Each line in the material below, starting at the one with "Short Sleeve Linen" and ending at the one with "Ultra detailed vector", is to be reproduced exactly; no picture is to be copied.
/---
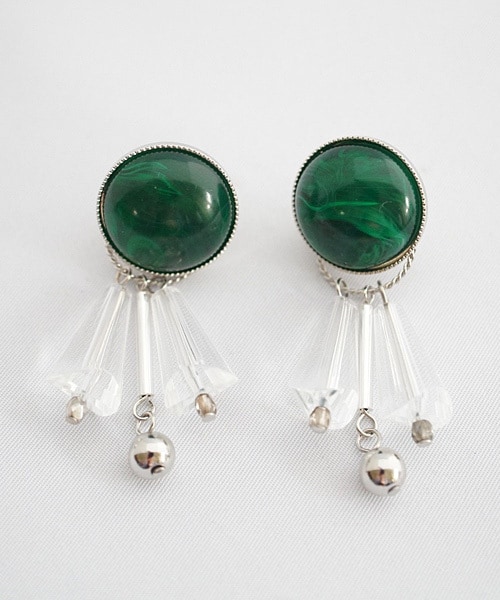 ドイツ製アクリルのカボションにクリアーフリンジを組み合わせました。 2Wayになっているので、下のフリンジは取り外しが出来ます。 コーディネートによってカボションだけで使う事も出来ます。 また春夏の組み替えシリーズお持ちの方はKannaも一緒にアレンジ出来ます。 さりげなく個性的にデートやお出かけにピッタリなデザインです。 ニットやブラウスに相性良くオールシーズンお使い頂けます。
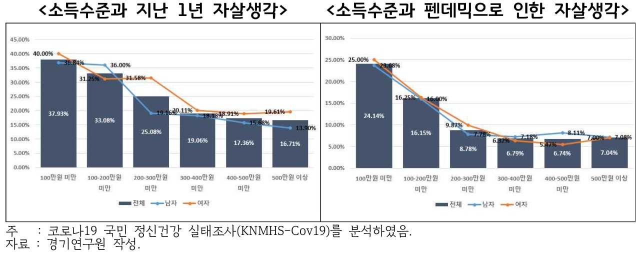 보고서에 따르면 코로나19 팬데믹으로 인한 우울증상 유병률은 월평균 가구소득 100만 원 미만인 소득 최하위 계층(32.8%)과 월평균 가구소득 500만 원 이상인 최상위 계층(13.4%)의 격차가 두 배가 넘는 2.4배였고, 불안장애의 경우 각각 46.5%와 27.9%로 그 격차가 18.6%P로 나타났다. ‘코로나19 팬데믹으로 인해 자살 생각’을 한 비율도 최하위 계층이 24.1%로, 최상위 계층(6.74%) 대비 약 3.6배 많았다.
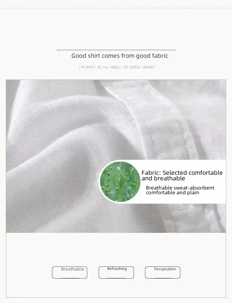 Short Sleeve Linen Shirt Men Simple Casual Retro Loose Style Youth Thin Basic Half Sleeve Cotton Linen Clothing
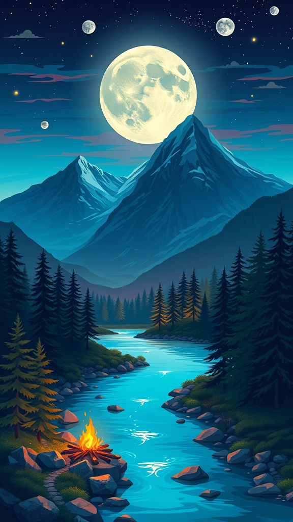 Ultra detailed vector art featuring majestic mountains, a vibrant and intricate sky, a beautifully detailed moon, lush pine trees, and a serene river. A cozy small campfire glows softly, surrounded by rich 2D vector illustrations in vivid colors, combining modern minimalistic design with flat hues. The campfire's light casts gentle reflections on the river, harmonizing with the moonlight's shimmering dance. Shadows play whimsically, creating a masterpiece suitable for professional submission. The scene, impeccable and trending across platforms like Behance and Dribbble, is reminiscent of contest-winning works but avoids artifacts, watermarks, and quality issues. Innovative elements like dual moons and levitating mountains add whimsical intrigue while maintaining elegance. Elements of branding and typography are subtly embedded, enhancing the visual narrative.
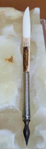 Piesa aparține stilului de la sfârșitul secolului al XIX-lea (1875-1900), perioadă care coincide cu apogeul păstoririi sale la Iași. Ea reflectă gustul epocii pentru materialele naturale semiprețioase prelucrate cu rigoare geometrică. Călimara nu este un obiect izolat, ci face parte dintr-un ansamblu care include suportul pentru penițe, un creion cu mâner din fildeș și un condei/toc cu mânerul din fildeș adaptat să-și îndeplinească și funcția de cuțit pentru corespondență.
\---
* **SOLVED EXERCISE**
 Short Sleeve Linen Shirt Men Simple Casual Retro Loose Style Youth Thin Basic Half Sleeve Cotton Linen Clothing
 Ultra detailed vector art featuring majestic mountains, a vibrant and intricate sky, a beautifully detailed moon, lush pine trees, and a serene river. A cozy small campfire glows softly, surrounded by rich 2D vector illustrations in vivid colors, combining modern minimalistic design with flat hues. The campfire's light casts gentle reflections on the river, harmonizing with the moonlight's shimmering dance. Shadows play whimsically, creating a masterpiece suitable for professional submission. The scene, impeccable and trending across platforms like Behance and Dribbble, is reminiscent of contest-winning works but avoids artifacts, watermarks, and quality issues. Innovative elements like dual moons and levitating mountains add whimsical intrigue while maintaining elegance. Elements of branding and typography are subtly embedded, enhancing the visual narrative.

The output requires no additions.